In Washington, DC, Supreme Court Justices are a pretty big deal. In New York, though, they’re pretty common. That’s the case because in New York the “Supreme Court” is the trial court, whereas the state’s highest court is the “Court of Appeals.” The question is, why?
As best I can tell from a bit of googling, the practice seems to go back, with some modification, to the New York Constitution of 1777. That Constitution set up an appellate system modeled after the House of Lords. Appeals from trial courts of general jurisdiction were heard by a gathering of all of the available state trial judges, the state senate, and the state chancellor in charge of the equity courts. They met in what was called “the Court for the Trial of Impeachments and the Correction of Errors.”

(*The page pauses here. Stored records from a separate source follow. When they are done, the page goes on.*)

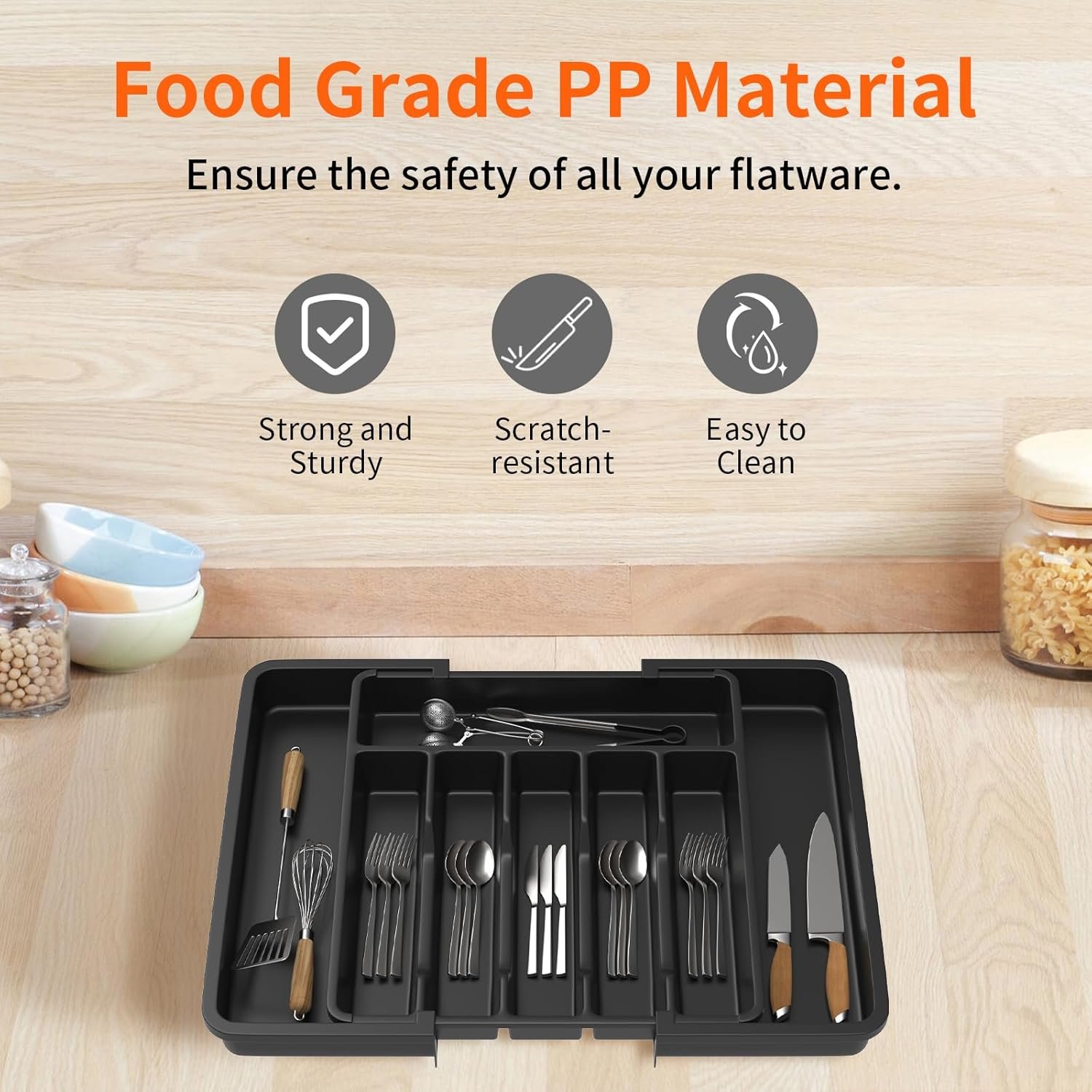 • Large Capacity: Organise your kitchen countertop and make more space with the cutlery drawer organiser. Comes with two expandable panels on the left and right to store more cutlery, utensils, and kitchen silverware.
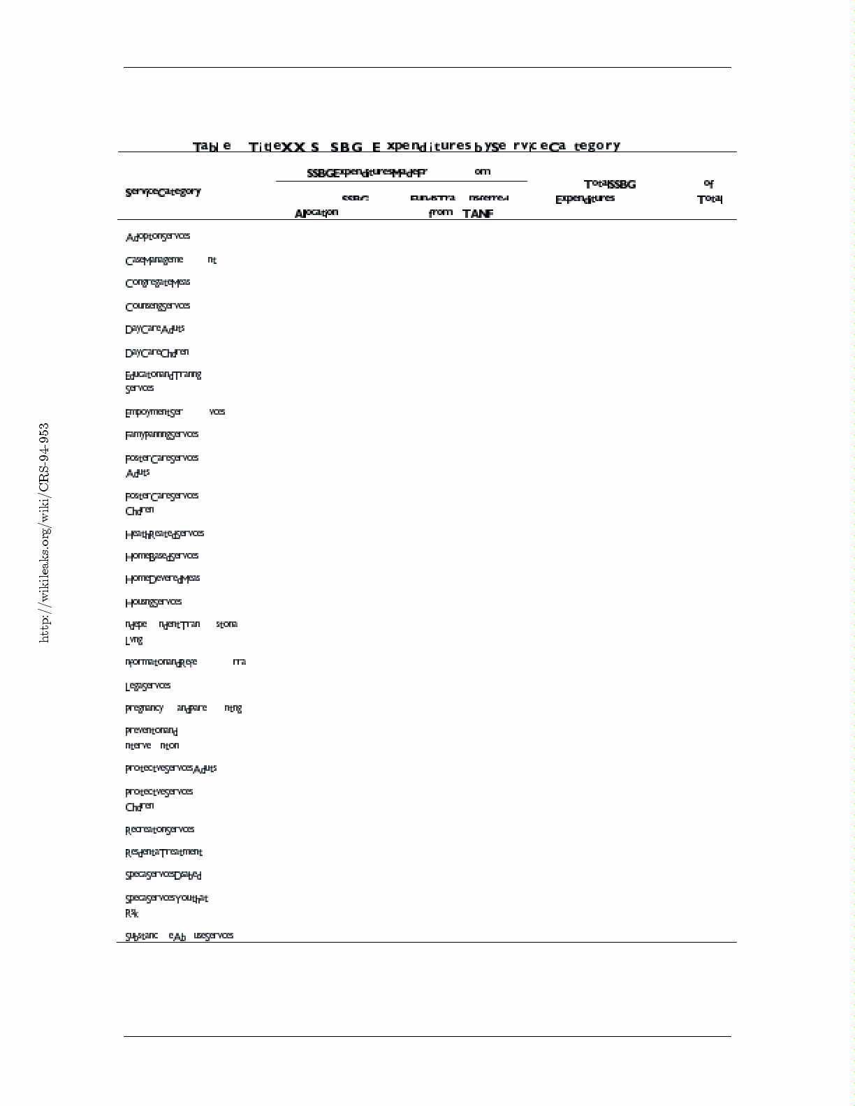 Table 2. Title XX (SSBG): Expenditures by Service Category, 2006
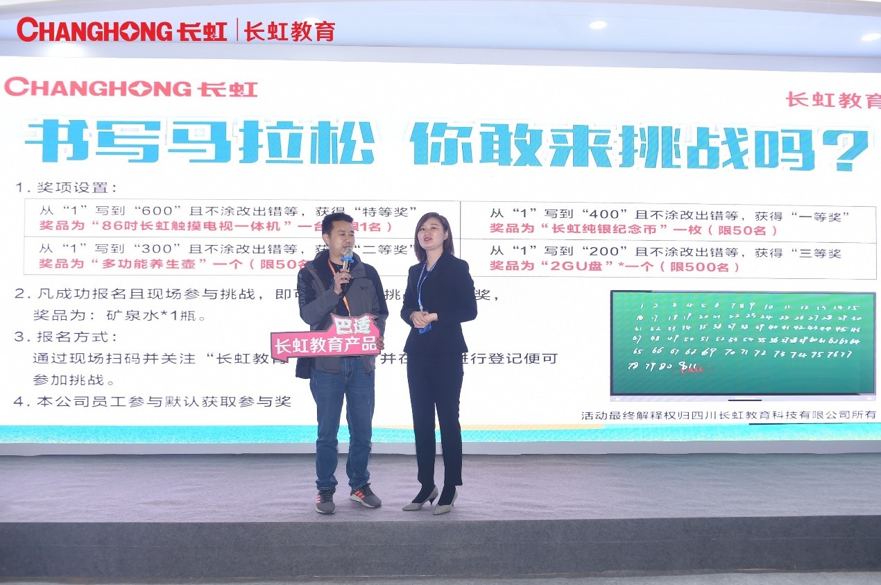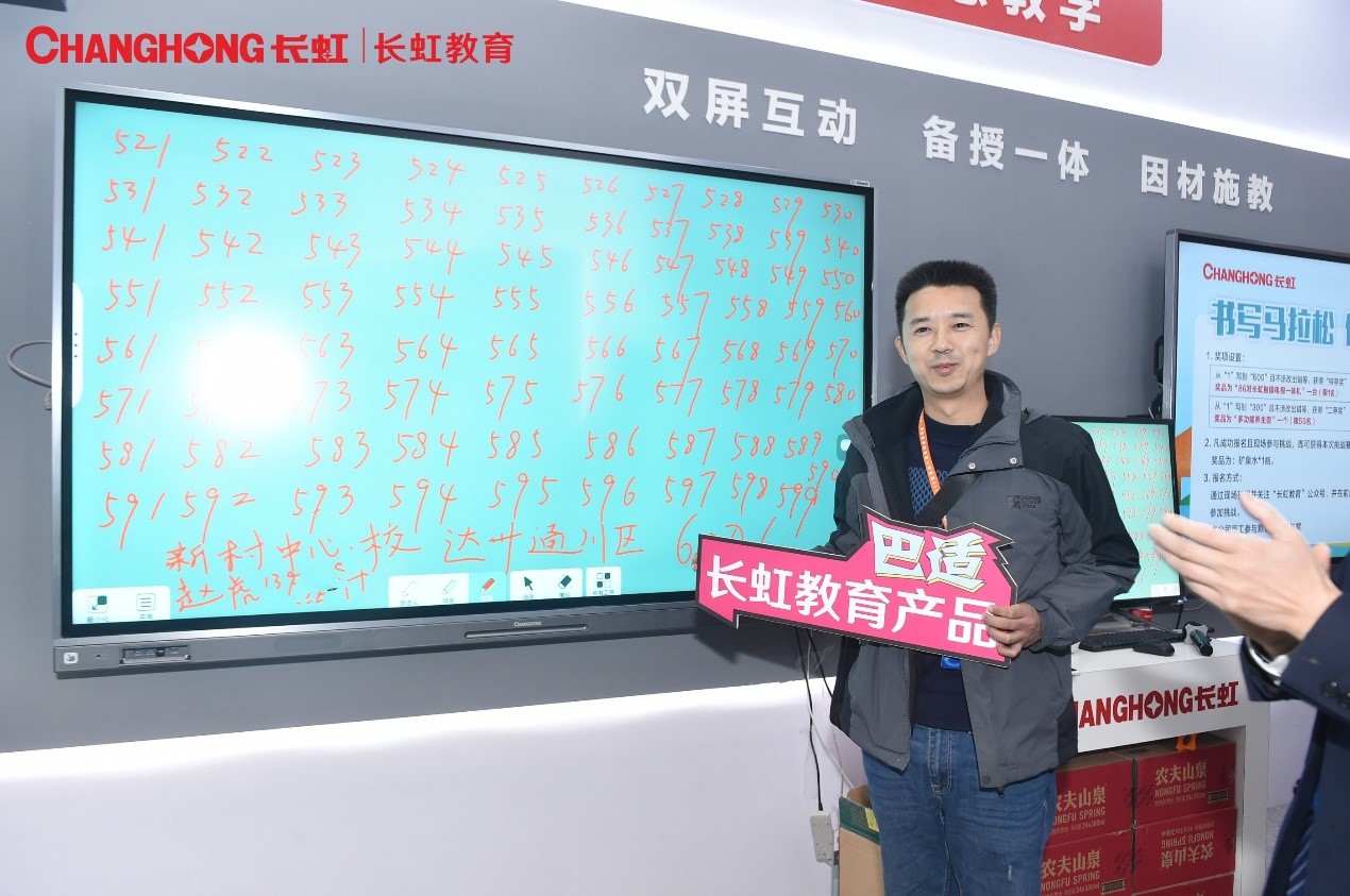 今天是2019年首屆四川教育裝備博覽會(huì)第二天,長(zhǎng)虹教育展位人聲鼎沸。在展會(huì)現(xiàn)場(chǎng),長(zhǎng)虹教育舉辦的“長(zhǎng)虹教育書寫馬拉松,你敢來(lái)挑戰(zhàn)嗎?”長(zhǎng)虹教育智能觸摸一體機(jī)書寫大賽,參加報(bào)名和挑戰(zhàn)的用戶門庭若市,絡(luò)繹不絕。最最最最重要的是,來(lái)自四川達(dá)州市通川區(qū)的趙老師獲得了書寫大賽特等獎(jiǎng)-長(zhǎng)虹教育86吋智能觸摸一體機(jī)1臺(tái)。
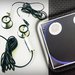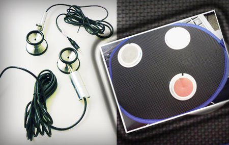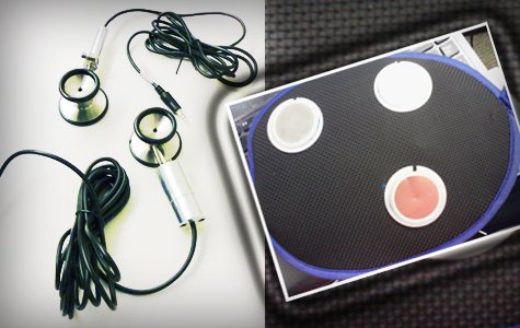 The wired stethoscope and oven mitt are the prototypes of devices designed to be plugged into cell phones. The stethoscope has a microphone and electronics housed within a custom-made aluminum case. Incorporated within the mitt are three piezoelectric sensors. The user can simply slip on the mitt and hold it up to his or her heart to record both heart rhythms and the electrical signals that make up an electrocardiogram (ECG).
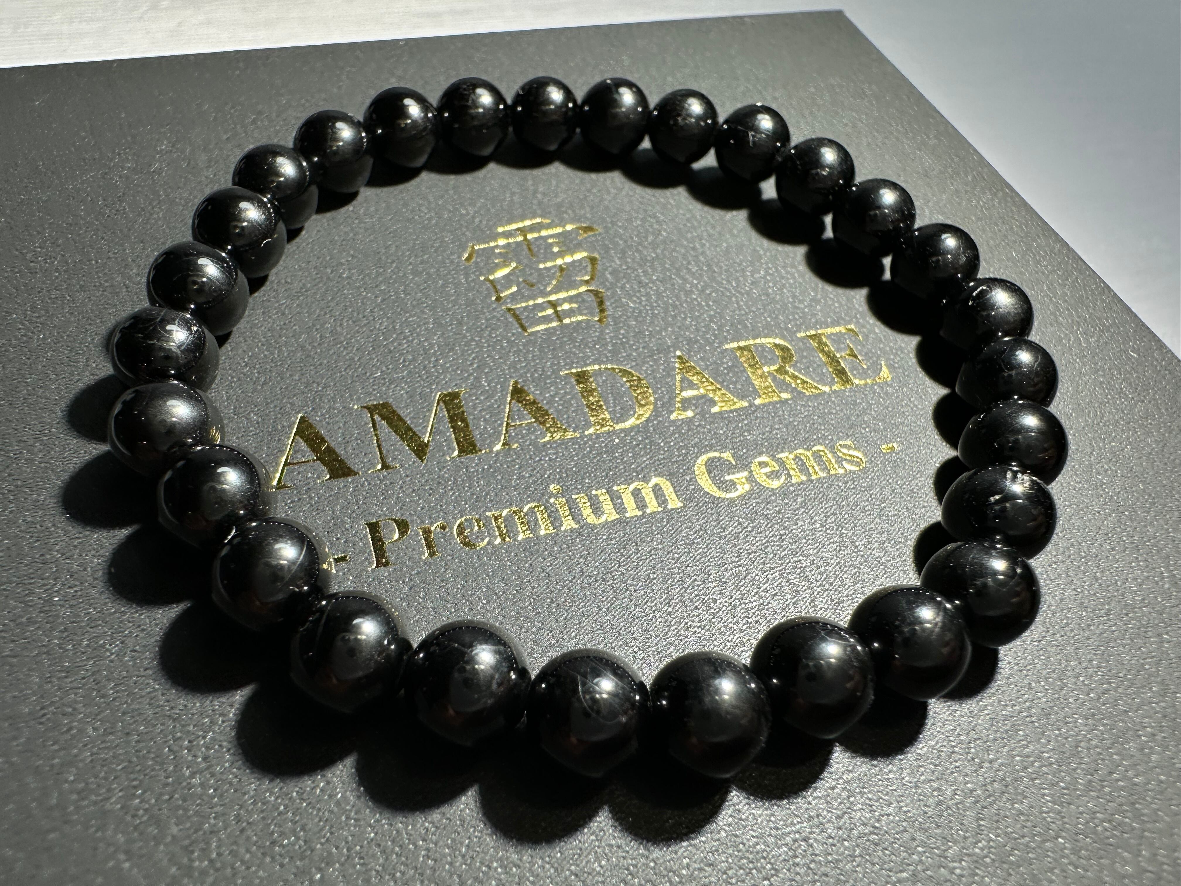 照りがしっかりと出ている美しいブラックトルマリンのフルブレスレットです。
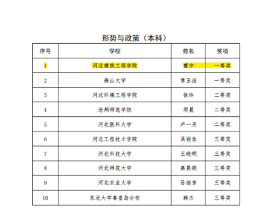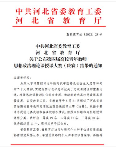 近日,由中共河北省教育工委、河北省教育厅组织的河北省第四届高校青年教师思政课授课大赛(决赛)在河北工程技术公司落下帷幕。来自全省各高校的135名优秀青年思政课教师,经过激烈角逐,英国365集团网站选派的青年教师曹宇获得本科组《形势与政策》课第一名、一等奖,青年教师朱思慧获得本科组《毛泽东思想和中国特色社会主义理论体系概论》课第五名、二等奖,创公司教师参加此项比赛以来历史最好成绩。
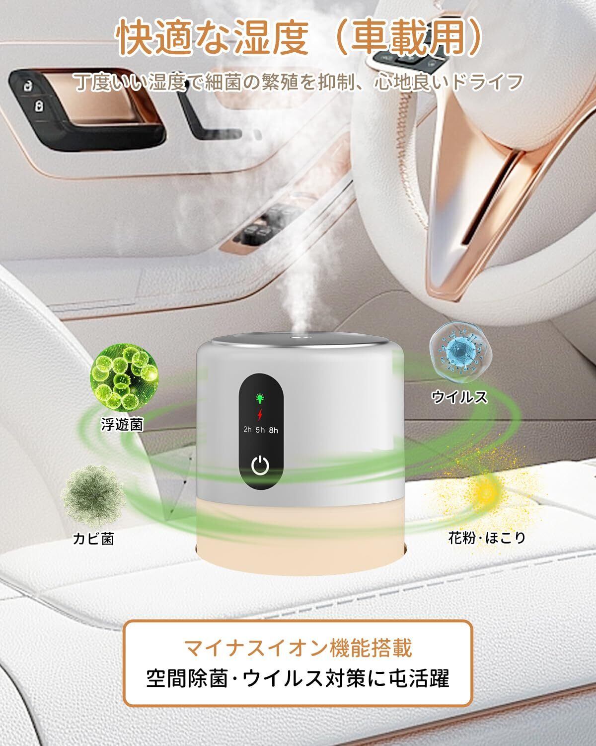 【用途が広範囲】加湿器の用途は非常に広範囲です。自動車、寝室、オフィス、寮、リビング、書斎、子供部屋、老人部屋などに応用でき、いずれの場所でも重要な役割を果たします。また、加湿器は花粉、鼻、のど、肌の乾燥を防ぎ、静電気も防止します!花粉が舞う季節には、アレルギー症状を軽減し、呼吸をよりスムーズにします。乾燥しやすい鼻やのどに対して、加湿器は湿りを保ち、不快感を減らします。(※、芳香はサポートしていません。純粋な加湿体験に専念させ、香りによる不快感やアレルギー反応を避けます。)

Because that “court” was really a collection of trial judges and state senators, there was no distinct “high court” consisting of members who only served in that court. The trial judges in the courts of general jurisdiction were as “high” up as the New York Court system went, as they both heard proceedings as trial judges and in the Court for the Trial of Impeachments and the Correction of Errors. Given that, it wasn’t too strange to label these judges as Justices of the Supreme Court.
In the 19th Century, the Court for the Trial of Impeachments and the Correction of Errors was abolished and replaced with a more modern appellate court. Instead of renaming everything, the trial courts kept the name “Supreme Court” and the high court was named the “Court of Appeals.”
Anyway, that’s what a bit of googling suggests. I’m sure the VC’s readership includes experts in the history of the New York court system; if I’m getting the history wrong, or there are details or links to add, I hope you will consider pointing it out in the comment thread.